• Records provided:
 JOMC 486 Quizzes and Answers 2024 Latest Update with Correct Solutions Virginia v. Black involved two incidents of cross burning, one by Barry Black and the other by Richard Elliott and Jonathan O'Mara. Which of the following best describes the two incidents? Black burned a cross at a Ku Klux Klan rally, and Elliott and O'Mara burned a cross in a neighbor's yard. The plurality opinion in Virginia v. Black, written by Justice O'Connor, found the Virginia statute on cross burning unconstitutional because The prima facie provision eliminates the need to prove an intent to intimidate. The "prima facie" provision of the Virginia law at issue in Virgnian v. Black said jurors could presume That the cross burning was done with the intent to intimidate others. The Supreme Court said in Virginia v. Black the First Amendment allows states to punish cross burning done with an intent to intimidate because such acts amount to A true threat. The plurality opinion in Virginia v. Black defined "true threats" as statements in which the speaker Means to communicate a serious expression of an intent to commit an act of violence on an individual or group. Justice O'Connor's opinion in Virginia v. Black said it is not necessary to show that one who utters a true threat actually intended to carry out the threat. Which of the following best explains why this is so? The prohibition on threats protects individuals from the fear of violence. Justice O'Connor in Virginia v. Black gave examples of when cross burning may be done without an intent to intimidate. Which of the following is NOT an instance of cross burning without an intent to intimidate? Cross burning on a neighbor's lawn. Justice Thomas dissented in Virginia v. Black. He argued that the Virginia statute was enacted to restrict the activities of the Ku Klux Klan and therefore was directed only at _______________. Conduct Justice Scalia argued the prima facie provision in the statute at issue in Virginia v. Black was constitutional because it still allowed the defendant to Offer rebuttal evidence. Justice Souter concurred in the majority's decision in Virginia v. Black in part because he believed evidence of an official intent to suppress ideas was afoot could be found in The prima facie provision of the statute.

==

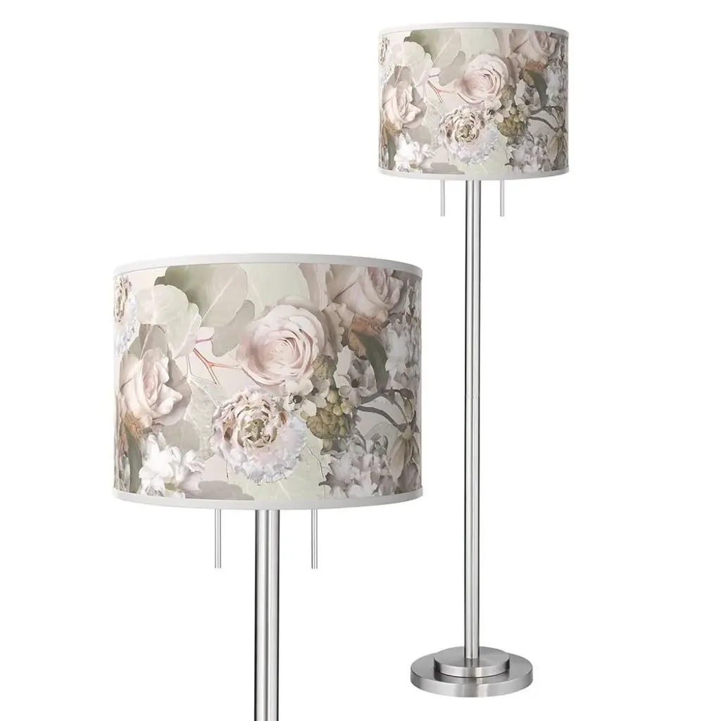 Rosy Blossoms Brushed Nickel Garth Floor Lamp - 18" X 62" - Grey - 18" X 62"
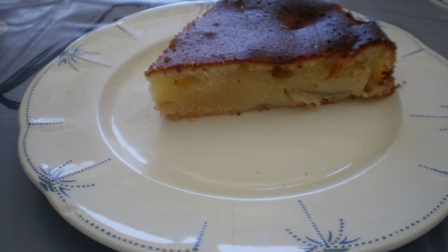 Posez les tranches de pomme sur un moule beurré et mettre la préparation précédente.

• What is needed:
For this task, return exactly the stretch of the listing above from the line with "Rosy Blossoms Brushed" through the line with "Posez les tranches", inclusive and without pictures.

• Output for this exercise:
 Rosy Blossoms Brushed Nickel Garth Floor Lamp - 18" X 62" - Grey - 18" X 62"
 Posez les tranches de pomme sur un moule beurré et mettre la préparation précédente.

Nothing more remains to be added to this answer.